In large part, the public-policy prohibition against the corporate practice of medicine stems from concerns about lay control over professional judgment. Most patients would agree that a physician’s loyalty should be to his or her patient and not to an employer concerned about cost control and business decisions.

“To practice a profession requires something more than the financial ability to hire competent persons to do the actual work. It can be done only by a duly qualified human being, and to qualify something more than mere knowledge or skill is essential. The qualifications include personal characteristics, such as honesty, guided by an upright conscience and a sense of loyalty to clients or patients, even to the extent of sacrificing pecuniary profit, if necessary. These requirements are spoken of generically as that good moral character which is a pre-requisite to the licensing of any professional man.” Dr. Allison, Dentist, Inc. v. Allison, 360 Ill. 638, 641-42, 196 N.E. 799, 800 (1935).

Those words, spoken 65 years ago, are no less true today.

However, we are mindful of the fact that the days of the sole medical provider, with few expenses, few office personnel, and little equipment, are somewhat a thing of the past. Today, most physicians employ billing and insurance specialists, nurses, administrative assistants, and medical technicians. We are also mindful of the numerous regulations that all health care providers must follow. Nevertheless, the public-policy arguments that support the corporate-practice-of-medicine doctrine are exhibited in this case. Plaintiff complained repeatedly about the lay persons who were directing her practice and interfering with the treatment of her patients. We are unconvinced by defendants’ arguments that the corporate-practice-of-medicine doctrine does not apply to AHI. Berlin was limited to only licensed *268hospitals, and we decline to extend the holding in Berlin to AHI or any similar health care provider. Accordingly, we find that the contract between plaintiff and AHI was void. Therefore, the contract, including the noncompetition provision, is not only void and unenforceable but also unassignable.

II

Assuming arguendo that Berlin applies to the facts in the instant case, we are compelled to address plaintiffs arguments concerning the restrictive covenant contained in the agreement. The agreement contained a provision, set out in full in the fact portion of this opinion, prohibiting plaintiff from practicing medicine for two years within 20 miles of AHI’s office where plaintiff was employed, should the agreement be terminated for any reason. The agreement did not provide for liquidated damages. The trial court found the restrictive covenant to be enforceable, but it did modify the 20-mile restriction to reflect driving distance rather than a straight line on a map.

First, it is important to note that, in general, covenants not to compete are not looked upon with favor by the law because they operate at least as partial restraints of trade. Such covenants are scrutinized carefully by the courts. See Hydroaire, Inc. v. Sager, 98 Ill.
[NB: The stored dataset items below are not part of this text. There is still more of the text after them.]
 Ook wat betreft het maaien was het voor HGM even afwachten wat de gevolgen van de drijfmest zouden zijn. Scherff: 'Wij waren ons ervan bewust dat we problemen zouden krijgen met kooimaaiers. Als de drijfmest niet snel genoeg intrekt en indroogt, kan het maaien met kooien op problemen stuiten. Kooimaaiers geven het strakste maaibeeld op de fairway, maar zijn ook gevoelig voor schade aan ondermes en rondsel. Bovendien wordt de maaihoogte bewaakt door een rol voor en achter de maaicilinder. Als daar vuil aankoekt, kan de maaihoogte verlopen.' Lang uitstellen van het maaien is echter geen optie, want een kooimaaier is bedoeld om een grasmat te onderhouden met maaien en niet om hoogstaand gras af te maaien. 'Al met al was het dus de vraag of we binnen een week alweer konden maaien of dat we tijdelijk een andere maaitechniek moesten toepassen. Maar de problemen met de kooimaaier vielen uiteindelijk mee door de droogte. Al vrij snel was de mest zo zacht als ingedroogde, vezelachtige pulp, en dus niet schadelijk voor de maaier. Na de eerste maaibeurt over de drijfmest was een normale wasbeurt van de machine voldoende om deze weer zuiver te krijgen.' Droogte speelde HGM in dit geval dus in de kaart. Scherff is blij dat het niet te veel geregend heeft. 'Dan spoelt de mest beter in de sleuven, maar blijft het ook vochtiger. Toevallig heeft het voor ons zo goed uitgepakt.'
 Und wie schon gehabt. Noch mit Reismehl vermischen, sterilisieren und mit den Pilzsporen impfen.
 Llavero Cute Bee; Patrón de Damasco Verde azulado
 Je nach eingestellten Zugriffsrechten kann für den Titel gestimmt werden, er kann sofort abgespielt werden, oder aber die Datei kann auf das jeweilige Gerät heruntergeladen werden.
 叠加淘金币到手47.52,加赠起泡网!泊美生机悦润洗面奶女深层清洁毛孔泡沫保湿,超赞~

App. 3d 758, 424 N.E.2d 719 (1981). A covenant not to compete will not be enforced unless there is a legitimate business interest to be protected by such an agreement and the time and territorial limitations are reasonable. The law will not enforce a contract merely to prohibit ordinary competition. See Reinhardt Printing Co. v. Feld, 142 Ill. App. 3d 9, 15, 490 N.E.2d 1302, 1307 (1986). Two general situations exist in which an employer’s proprietary interest in his customers warrant the enforcement of a covenant not to compete: (1) where, by the nature of the business, an employer has a near-permanent relationship with its customers and but for the employee’s employment, he or she would not have contact with the customer or (2) where the former employee learned trade secrets or acquired other confidential information while employed and subsequently tried to use that information for his or her own benefit. See Southern Illinois Medical Business Associates v. Camillo, 190 Ill. App. 3d 664, 673, 546 N.E.2d 1059, 1065 (1989).
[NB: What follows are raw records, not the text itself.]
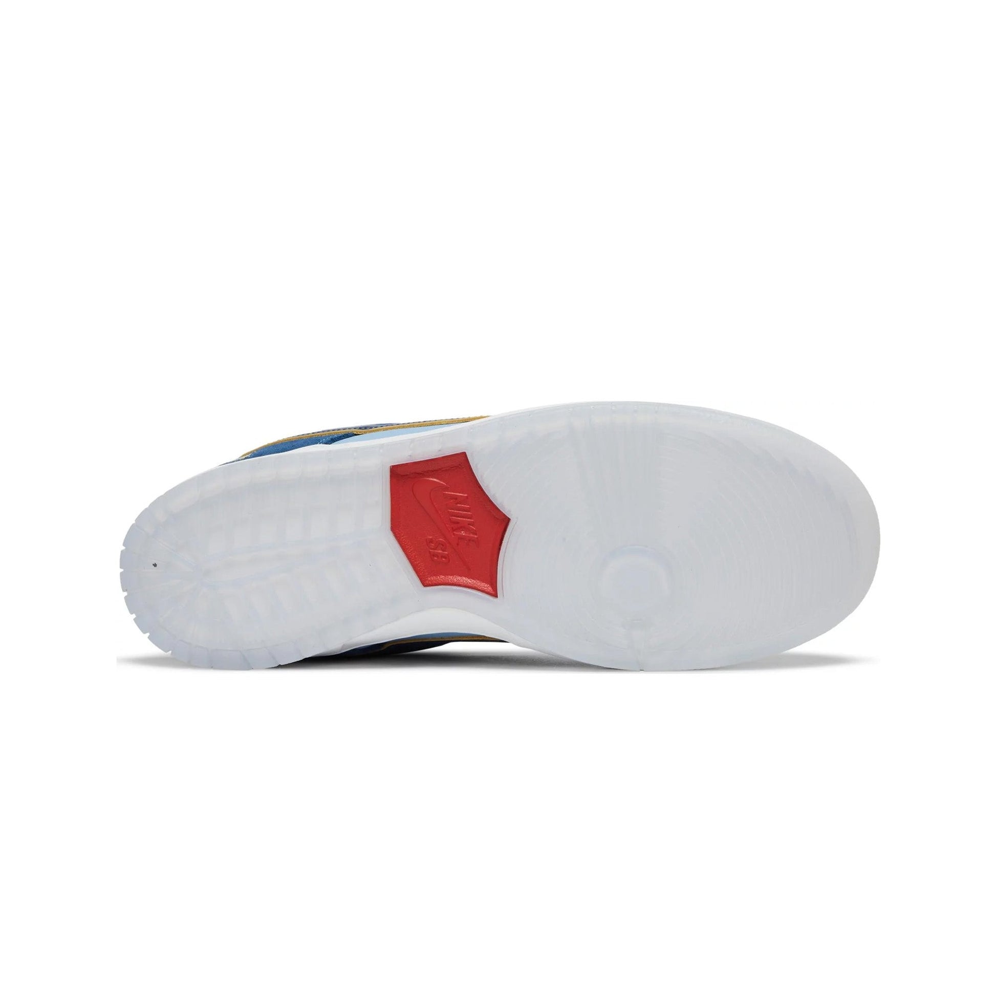 Crafted with a meticulous attention to detail, the New SB Dunk Low Pro 'Why So Sad?' features a harmonious mix of materials and colors that set it apart. The upper boasts a combination of premium leather and suede, providing durability and a textured aesthetic. The base showcases a deep navy hue, complemented by light blue overlays that add a dynamic contrast. The signature New Swoosh, rendered in a gradient of blue to yellow, symbolizes the journey from sadness to joy, a core theme of the design. The heel is adorned with a subtle question mark emblem, further emphasizing the sneaker's introspective motif.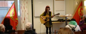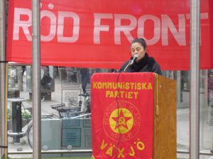 Röd Front i Växjö 2018 hade kvinnor och kvinnofrågor i centrum. Talade gjorde Susanna Eriksson (K) och Gabriela Inostroza (K), sång och musik framfördes av Miranda Murre Eriksson.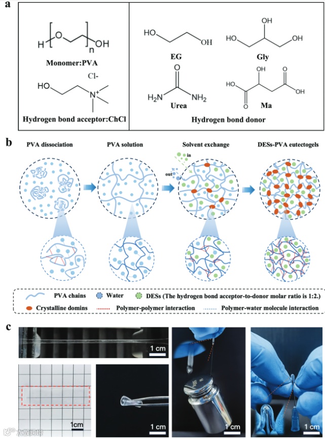 图1 高强度、高韧性深共晶凝胶的合成:a )聚合物PVA、氢键受体(ChCl)和4个氢键给体(乙二醇、甘油、尿素、苹果酸)的化学结构;b )浸泡辅助交联法制备高强度、高韧性共凝胶的示意图;c )具有高透明度、高强度、高韧性和耐穿刺性的深共晶凝胶。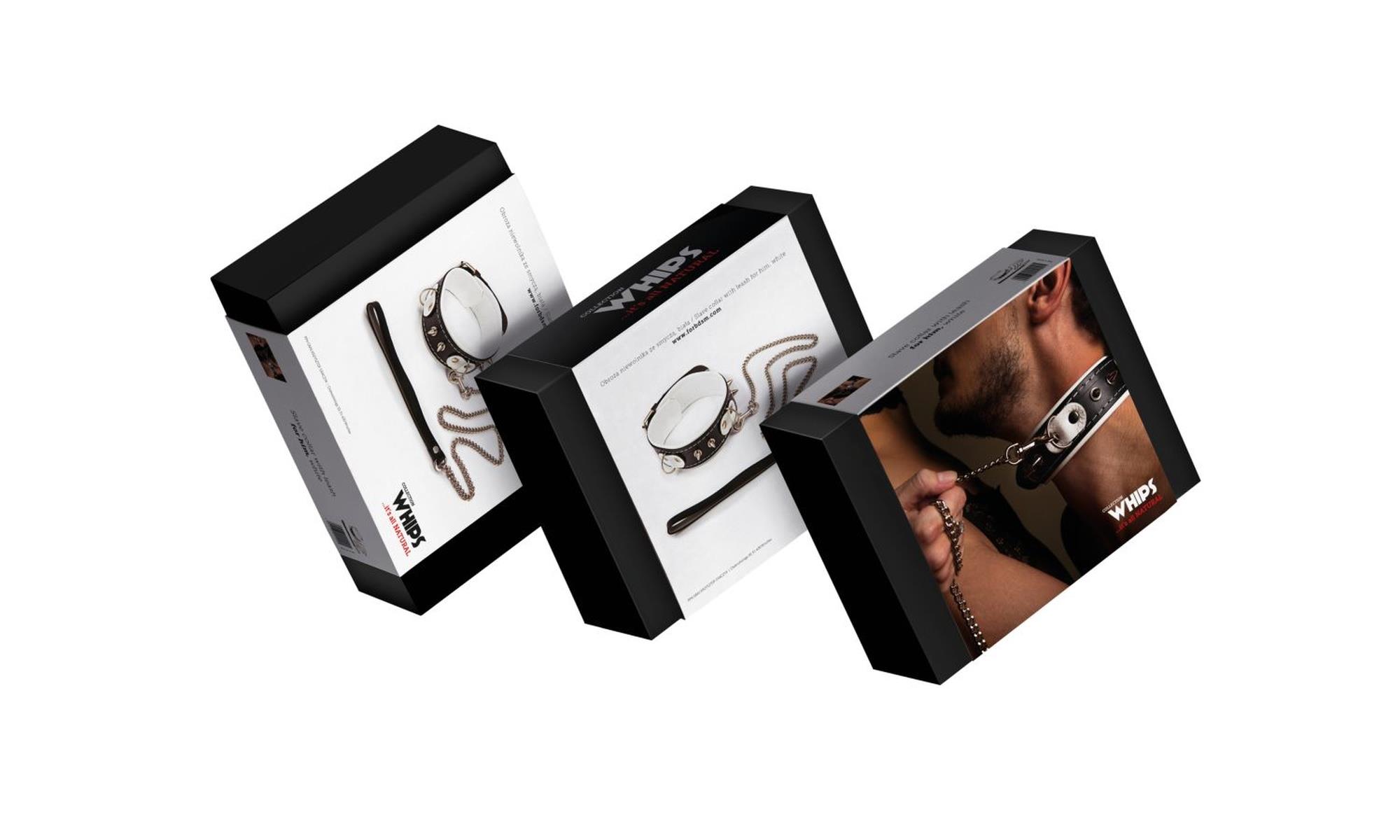 Wiązania – WHIPS Obroża niewolnika ze smyczą, biała

In the instant case, plaintiff was a family-practice physician who spent the previous 12 years in the Army engaged in the practice of medicine. The record reflects that plaintiff basically started a new business for AHI in 1995. She was given office space, a few employees, and some equipment. This is not a case where a physician with an established practice takes on a newcomer and the newcomer usurps *269the clientele. There is no showing that AHI had a near-permanent relationship with any of plaintiff’s patients. Instead, because of the nature of a patient-physician relationship, it is more likely that the patients would establish a near-permanent relationship with the physician, rather than a health care entity such as AHI.

“While clientele may properly be called the customers of a particular business, they cannot be considered the ‘property’ of that business. While a business can have a proprietary interest in lists of customers which it maintains, no business has a proprietary interest in the customers themselves.” Murphy v. Murphy, 28 Ill. App. 3d 475, 478, 328 N.E.2d 642, 644 (1975).

Moreover, it is clear from the record that plaintiff did not learn any trade secrets or gain confidential information as the result of her employment with AHI. By the time plaintiff joined AHI, she had already received her training and developed skills while working as a physician for the Army. Plaintiff did not learn any procedures from AHI that were not readily available to other family practitioners. There is no doubt that AHI hired plaintiff and agreed to pay her $127,000 per year because she already possessed the skill and the knowledge necessary to treat patients. The agreement did not provide for liquidated damages, but it completely restricted plaintiff from practicing medicine within a 20-mile radius of the AHI office where plaintiff was employed. We believe that the covenant in question restricts competition rather than protects any legitimate business interest of AHI or CPCE See Camillo, 190 Ill. App. 3d at 675-76, 546 N.E.2d at 1067.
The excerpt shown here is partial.